===== Supplied information =====
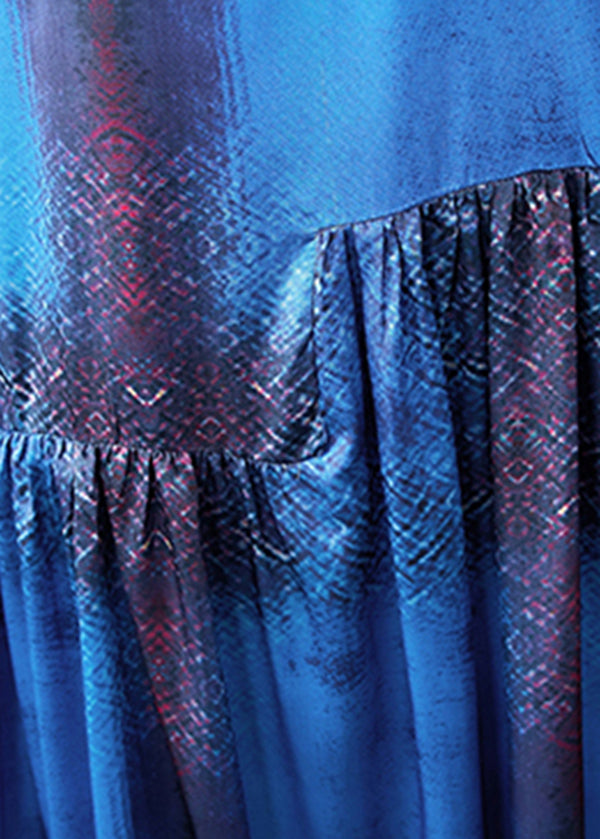 French Blue O-Neck Wrinkled Silk Holiday Dress Short Sleeve
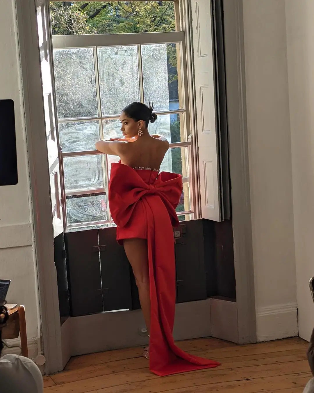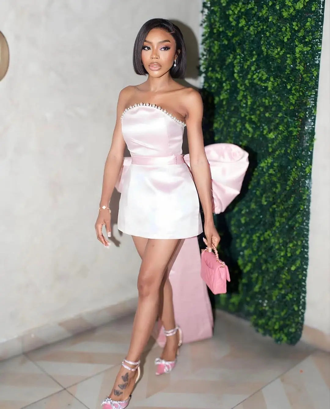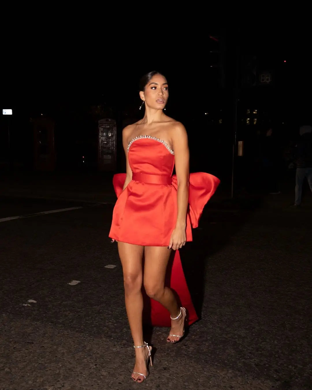 Green Pink Red Satjson Mini Party Dress with Detachable Bow
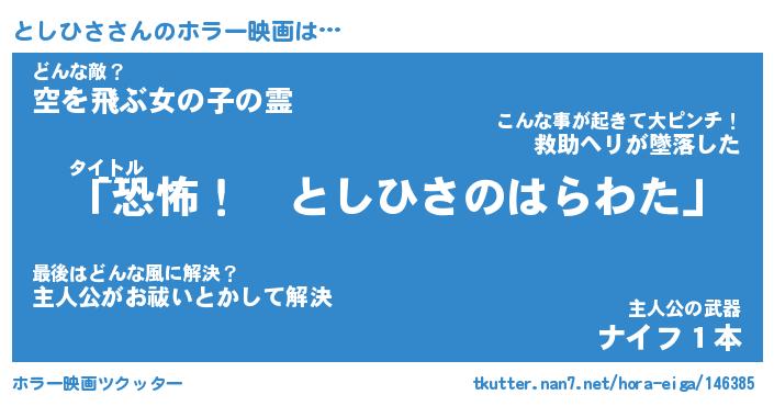 | 男性向けラノベタイトル風あだ名 | 『としひさの憂鬱』 |
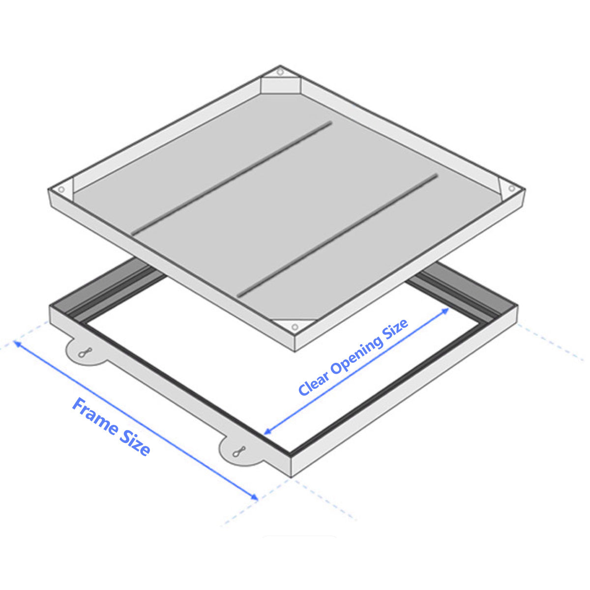 These aluminium recessed access covers are available in a wide range of sizes and depths giving you great flexibility when installing. Starting at 300x300mm, clear opening sizes go up to 600x600mm and many in between, we should have a cover to suit your needs without resorting to expensive bespoke solutions.
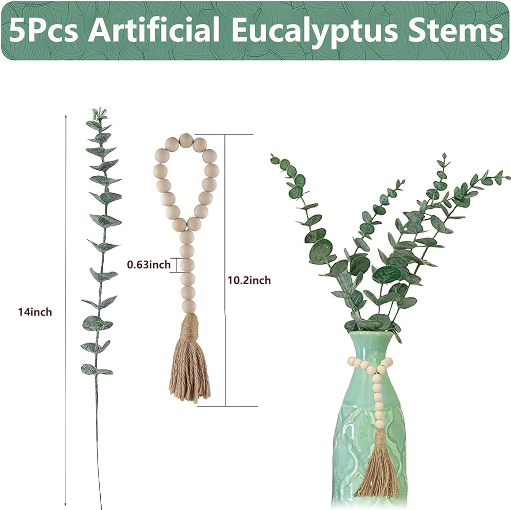 【المادة والكمية】- أوراق الأوكالبتوس مصنوعة من البلاستيك عالي الجودة والسيقان من سلك حديدي، يمكنك ثني الفرع بأشكال مختلفة. تحتوي كل عبوة على 5 قطع من سيقان الأوكالبتوس الصناعية مقاس 35.56 سم وقطعة واحدة من إكليل الخرز الخشبي، كل فرع من أغصان الأوكالبتوس يحتوي على حوالي 25 ورقة.
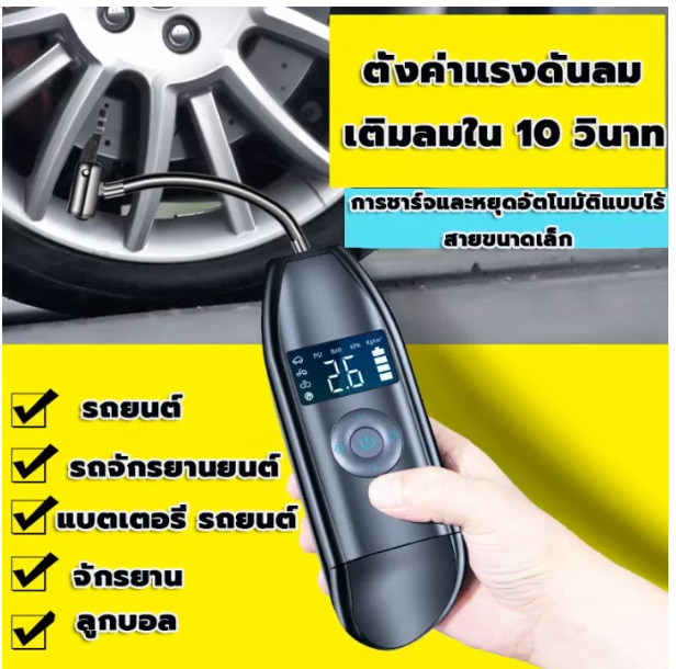 เครื่องปั๊มยางรถยนต์ที่ออกแบบด้วยมือจับแบบ humanized กว้างเหมาะสำหรับรถยนต์ จักรยาน รถจักรยานยนต์ รถ SUV รถเอทีวี และรถบรรทุก รวมทั้งอุปกรณ์กีฬา
=====
● **What is needed**: Quote only what lies between the first line of the records and the line containing "男性向けラノベタイトル風あだ名 | 『としひさの憂鬱』 |", please, including both lines and excluding images.

● **Answer to this task**:
 French Blue O-Neck Wrinkled Silk Holiday Dress Short Sleeve
 Green Pink Red Satjson Mini Party Dress with Detachable Bow
 | 男性向けラノベタイトル風あだ名 | 『としひさの憂鬱』 |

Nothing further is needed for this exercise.